For large amount (house buying amounts) using a currency dealer, for day to day living a debit card, but for long term bring money across using a currency dealer 

Davexf


----------



## ezmerelda (Feb 17, 2014)

So the Santander would work, it's just to send couple hundred here and there.


----------



## 90199 (Mar 21, 2010)

ezmerelda said:


> So the Santander would work, it's just to send couple hundred here and there.

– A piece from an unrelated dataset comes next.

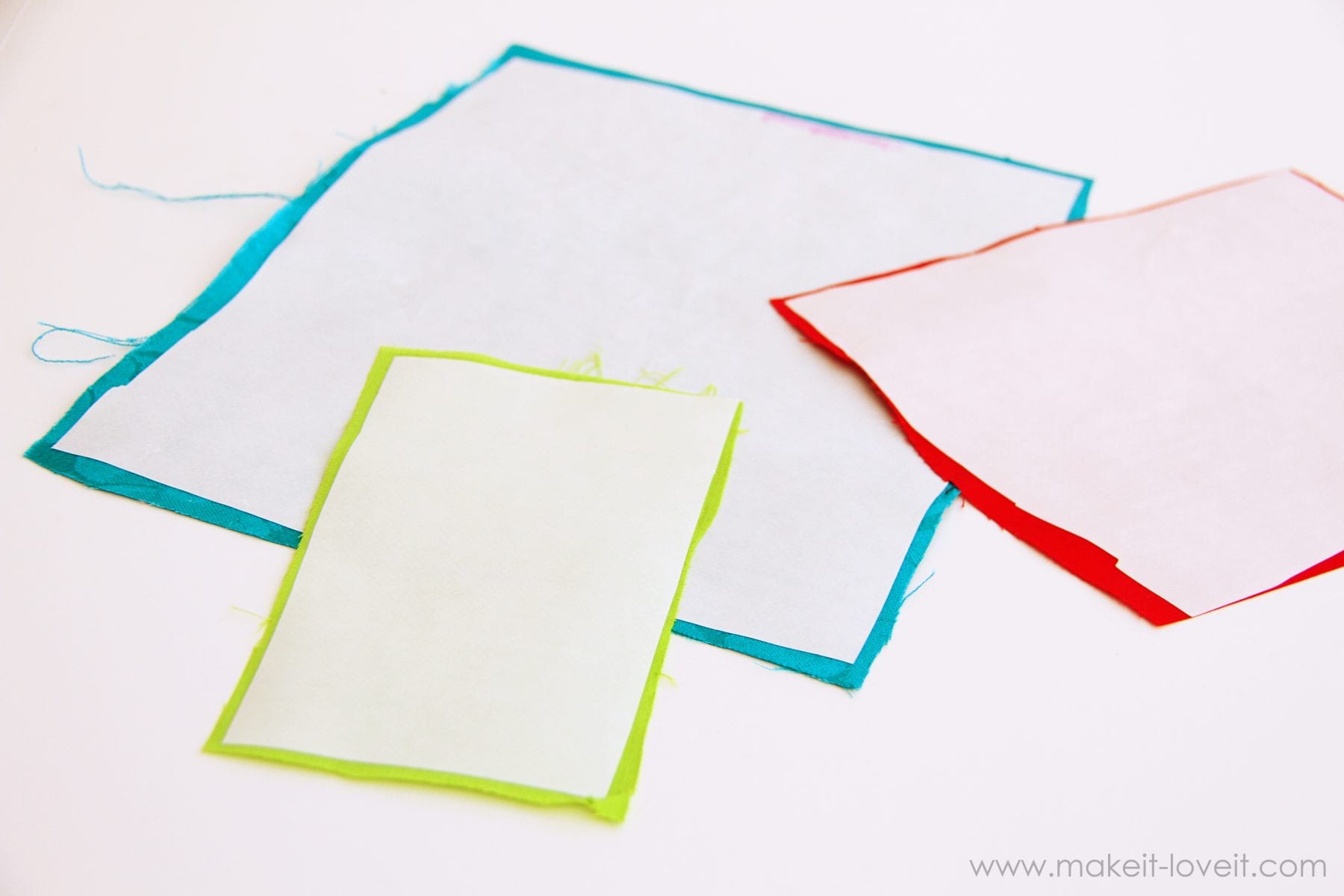 Then iron everything down. Now, stitch around each piece, using a straight stitch or a zig-zag stitch. Using a straight stitch will allow the edges to fray just a bit but that doesn’t bother me any. And zig-zagging takes more time and causes a little bit of bunching and pulling as you sew. But is still totally do-able and if you take your time, looks great.

Cheaper with a currency dealer.


----------



## ezmerelda (Feb 17, 2014)

Sorry New to all this. Hence all the questions. Is it the exchange rate that makes currency dealers better.


----------



## amespana (Nov 10, 2009)

Currency dealers by far the best choice.My favourite by far is Currency fair.I bought this morning at 1.26.01 to the pound.Transfer fee 3 Euros,this is the same whatever the amount.All done in a day.My Spanish bank(banesto Santander) charge nothing to receive the money.


----------



## thrax (Nov 13, 2008)

send all your money to me in brown, unmarked envelopes. I promise to look after it very carefully.... Oh, and the rumours that I am soon to move to Venezuela are completely false. How do I know this? Because I just said so, is how...


----------



## 90199 (Mar 21, 2010)

ezmerelda said:


> Sorry New to all this. Hence all the questions. Is it the exchange rate that makes currency dealers better.



Far better, they deal in huge amounts and therefor can afford to give a better rate. I wait until the rate is in my favour, then transfer a lump sum. The firm I use do not charge me commission, the money arrives the next day, and my Spanish bank does not charge either.


----------



## Kate Anda (Apr 3, 2014)

My family use Caxtons pre paid cards for travelling and living abroad. You can get a euro or dollar card and anyone can top it up, then you take the money from cash machine. No charges and great exchange rates, its saved us a fortune over the years.


----------



## Alcalaina (Aug 6, 2010)

ezmerelda said:


> What's the best way to send money to spain. For example if I opened a santander account in England and a relative had a joint card in Spain can we put money in in England and they take money out in Spain or is there another way that's do able.


You mean if your relative has an account with Banco Santander in Spain, and you use their card to withdraw euros over here? 

That should work. The sterling-to-euro exchange rate won't be as as good as with specialised exchange companies but for small amounts it's not going to save you much.

Alternatively get one of those pre-paid cards that you load up before you come and then just use it in any Spanish ATM.


----------



## ezmerelda (Feb 17, 2014)

Alcalaina, yes that's what I would like,, although we live England and they live spain. We would like to send small amounts to them and via santander would be good, but the pre pay card sounds a good option.


----------